From the output, TSort sees that TASK[:five] is dependent on tasks :four and :two. Task :four has two children: tasks :one and three. Hence, tasks :one and :three are executed first, followed by task :four. It proceeds to run task :two and since it has no child nodes, task :five is then run.
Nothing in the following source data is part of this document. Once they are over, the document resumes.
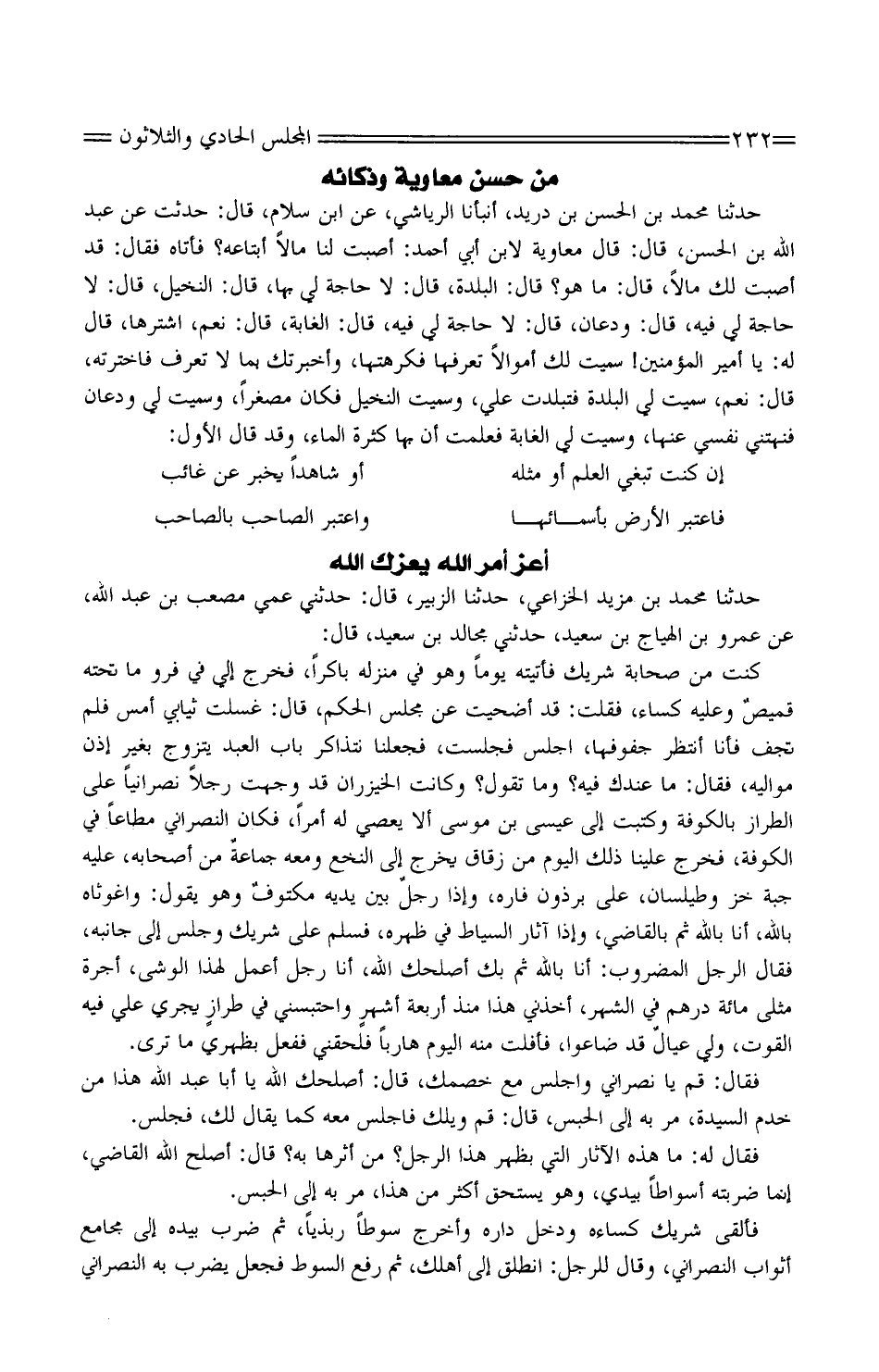 حَدَّثَنَا مُحَمَّدُ بْنُ الْحَسَنِ بْنِ دُرَيْدٍ، أَنْبَأَنَا الرِّيَاشِيُّ، عَنِ ابْنِ سَلامٍ، قَالَ: حُدِّثْتُ عَنْ عَبْدِ اللَّهِ بْنِ الْحَسَنِ، قَالَ: قَالَ مُعَاوِيَةُ لابْنِ أَبِي أَحْمَدَ: أَصَبْتَ لَنَا مَالا أَبْتَاعُهُ؟ فَأَتَاهُ فَقَالَ: قَدْ أَصَبْتُ لَكَ مَالا، قَالَ: مَا هُوَ؟ قَالَ: البَلْدَةُ، قَالَ: لَا حَاجَةَ لِي بِهَا، قَالَ: النُّخَيْلُ، قَالَ: لَا حَاجَةَ لِي فِيهِ، قَالَ: وَدْعَانُ، قَالَ: لَا حَاجَةَ لِي فِيهِ، قَالَ: الْغَابَةُ، قَالَ: نَعَمْ، اشْتَرِهَا، قَالَ لَهُ: يَا أَمِيرَ الْمُؤْمِنِينَ! سَمَّيْتُ لَكَ أَمْوَالا تَعْرِفُهَا فَكَرِهْتَهَا، وَأَخْبَرْتُكَ بِمَا لَا تَعْرِفُ فَاخْتَرْتَهُ، قَالَ: نَعَمْ، سَمَّيْتَ لِيَ الْبَلْدَةَ فَتَبَلَّدَتْ عَلَّيَ، وَسَمَّيْتَ النُّخَيْلَ فَكَانَ مُصَغَّرًا، وَسَمَّيْتَ لِي وَدْعَانَ فَنَهَتْنِي نَفْسِي عَنْهَا، وَسَمَّيْتَ لِيَ الْغَابَةَ فَعَلِمْتُ أَنَّ بِهَا كَثْرَةَ الْمَاءِ، وَقَدْ قَالَ الأَوَّلُ: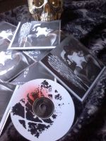 I’ve reviewing the CDR version- the disc its self-features red & black spray painted front. And the folded sleeve is black & white, featuring on its front cover a naked woman sitting on a chair holding a skull in one hand & a candle in the other. Like a lot of this projects other release there’s a distinctively grim & lo-fi black metal look to the releases presentation.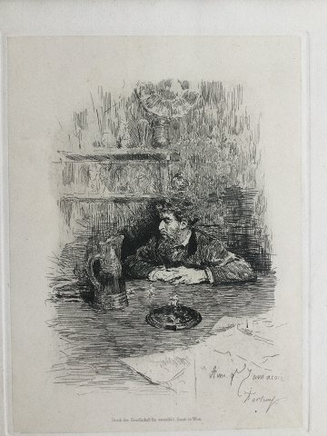 Mariano Fortuny y Marsal (1838-74): Portræt af kunstmaleren Eduardo Zamacois y Zabala (1841-71). Radering på papir. Sign.: Fortuny (i trykket) 18x13 (26x23)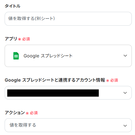 2.画面が遷移するので、連携アカウントとアクションの設定をします。 タイトルとアカウント情報はステップ1で設定した内容が入力されています。なお、タイトルは任意でわかりやすい名前に変更可能です。 アクションは、テンプレート通りに「値を取得する(別シート)」のままで大丈夫です。 「次へ」をクリックして進んでください。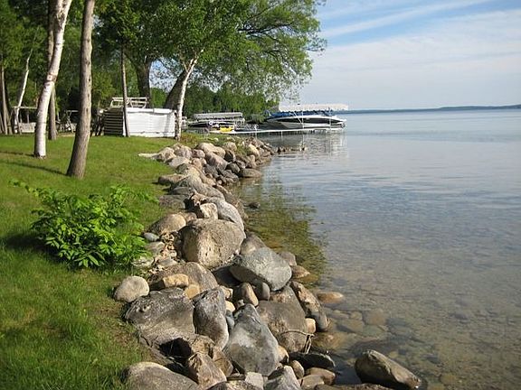 Spacious 2 bedroom home, with extra large living room w/fireplace. Dining room with bay window, family room with tile and carpeting. Sun-room with hot tub. Beautiful hardwood floors and large pantry in kitchen. Main floor laundry. Large 3 car garage and boat slip available. Large common area with decking and stone barbeque at waters edge. All this on 263' of beautiful Torch Lake.

If any of the tasks encounter an exception, execution stops at that point and no further tasks are run. For example, if an error is raised in task one method call:

1
2
3
4
5
def one
  puts "Task one ran!"
  raise "Error!"
  command "date '+TASK 1 DATE: %m/%d/%y%nTASK 1 TIME:%H:%M:%S' > t1"
end

none of the other tasks are executed:

1
2
3
4
5
6
7
8
9
10
11
12
13
14
15
16
17
18
Task one ran!
tasks.rb:13:in `one': Error! (RuntimeError)
  from tasks.rb:62:in `call'
  from tasks.rb:62:in `block in <main>'
  from /Users/chee/.rvm/rubies/ruby-2.2.0/lib/ruby/2.2.0/tsort.rb:420:in `block (2 levels) in each_strongly_connected_component_from'
  from /Users/chee/.rvm/rubies/ruby-2.2.0/lib/ruby/2.2.0/tsort.rb:420:in `block (2 levels) in each_strongly_connected_component_from'
  from /Users/chee/.rvm/rubies/ruby-2.2.0/lib/ruby/2.2.0/tsort.rb:429:in `each_strongly_connected_component_from'
  from /Users/chee/.rvm/rubies/ruby-2.2.0/lib/ruby/2.2.0/tsort.rb:419:in `block in each_strongly_connected_component_from'
  from tasks.rb:53:in `each'
  from tasks.rb:53:in `dependent_tasks'
  from /Users/chee/.rvm/rubies/ruby-2.2.0/lib/ruby/2.2.0/tsort.rb:413:in `call'
  from /Users/chee/.rvm/rubies/ruby-2.2.0/lib/ruby/2.2.0/tsort.rb:413:in `each_strongly_connected_component_from'
  from /Users/chee/.rvm/rubies/ruby-2.2.0/lib/ruby/2.2.0/tsort.rb:419:in `block in each_strongly_connected_component_from'
  from tasks.rb:53:in `each'
  from tasks.rb:53:in `dependent_tasks'
  from /Users/chee/.rvm/rubies/ruby-2.2.0/lib/ruby/2.2.0/tsort.rb:413:in `call'
  from /Users/chee/.rvm/rubies/ruby-2.2.0/lib/ruby/2.2.0/tsort.rb:413:in `each_strongly_connected_component_from'
  from tasks.rb:61:in `<main>'

Although one could have structured the above using just arrays, TSort automatically works out where it should start from, rather than having to work it out manually.